* Data for this task *
═══
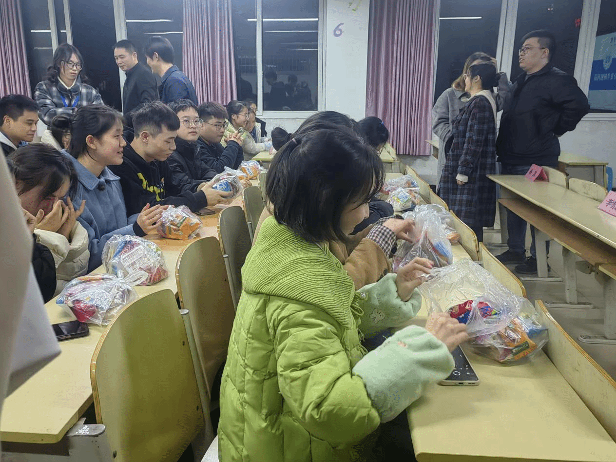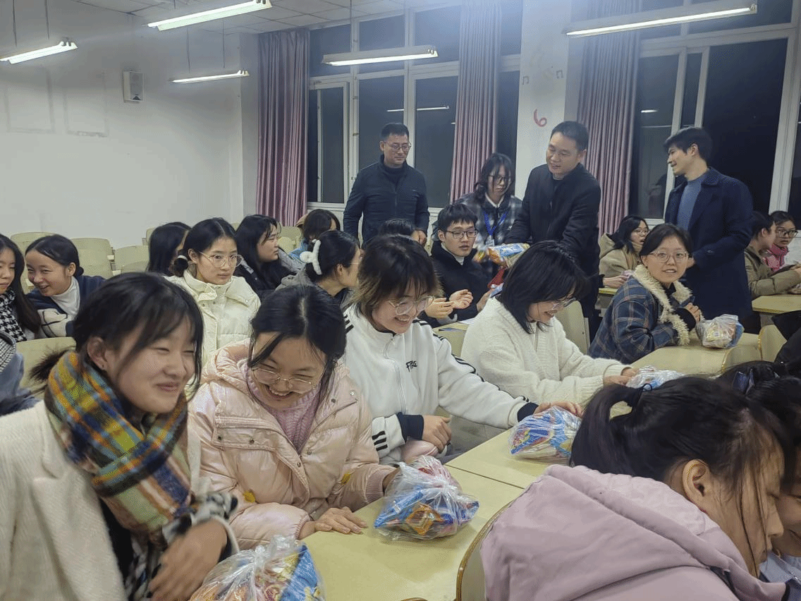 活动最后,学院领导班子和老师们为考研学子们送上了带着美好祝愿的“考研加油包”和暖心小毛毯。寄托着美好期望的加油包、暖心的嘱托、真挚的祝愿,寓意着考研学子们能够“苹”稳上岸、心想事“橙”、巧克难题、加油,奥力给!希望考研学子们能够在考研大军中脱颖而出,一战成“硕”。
═══
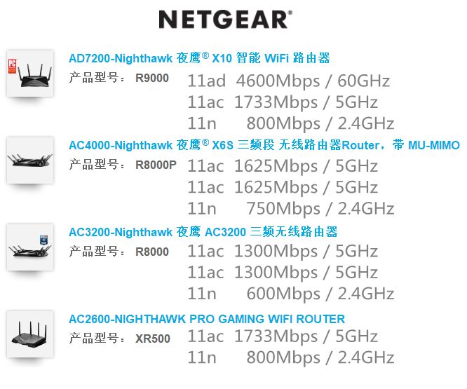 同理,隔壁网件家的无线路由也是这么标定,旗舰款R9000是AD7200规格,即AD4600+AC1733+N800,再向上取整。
═══
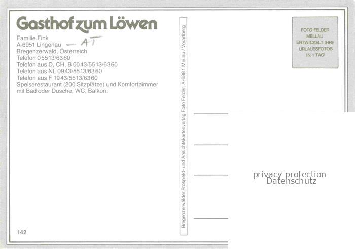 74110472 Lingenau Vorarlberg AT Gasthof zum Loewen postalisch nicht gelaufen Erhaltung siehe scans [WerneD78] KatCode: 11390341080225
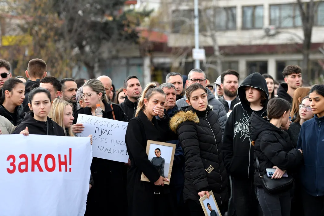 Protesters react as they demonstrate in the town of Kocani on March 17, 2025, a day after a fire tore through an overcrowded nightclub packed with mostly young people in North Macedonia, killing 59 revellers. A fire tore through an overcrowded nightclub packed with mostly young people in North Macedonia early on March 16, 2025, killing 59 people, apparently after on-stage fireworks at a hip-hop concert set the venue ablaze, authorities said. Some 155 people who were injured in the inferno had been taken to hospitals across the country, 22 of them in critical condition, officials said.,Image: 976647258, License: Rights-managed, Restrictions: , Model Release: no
═══
Look above for the line with "74110472 Lingenau Vorarlberg" and copy exactly from it through the line with "Protesters react as", both included. Omit the pictures.

* Written reply *
 74110472 Lingenau Vorarlberg AT Gasthof zum Loewen postalisch nicht gelaufen Erhaltung siehe scans [WerneD78] KatCode: 11390341080225
 Protesters react as they demonstrate in the town of Kocani on March 17, 2025, a day after a fire tore through an overcrowded nightclub packed with mostly young people in North Macedonia, killing 59 revellers. A fire tore through an overcrowded nightclub packed with mostly young people in North Macedonia early on March 16, 2025, killing 59 people, apparently after on-stage fireworks at a hip-hop concert set the venue ablaze, authorities said. Some 155 people who were injured in the inferno had been taken to hospitals across the country, 22 of them in critical condition, officials said.,Image: 976647258, License: Rights-managed, Restrictions: , Model Release: no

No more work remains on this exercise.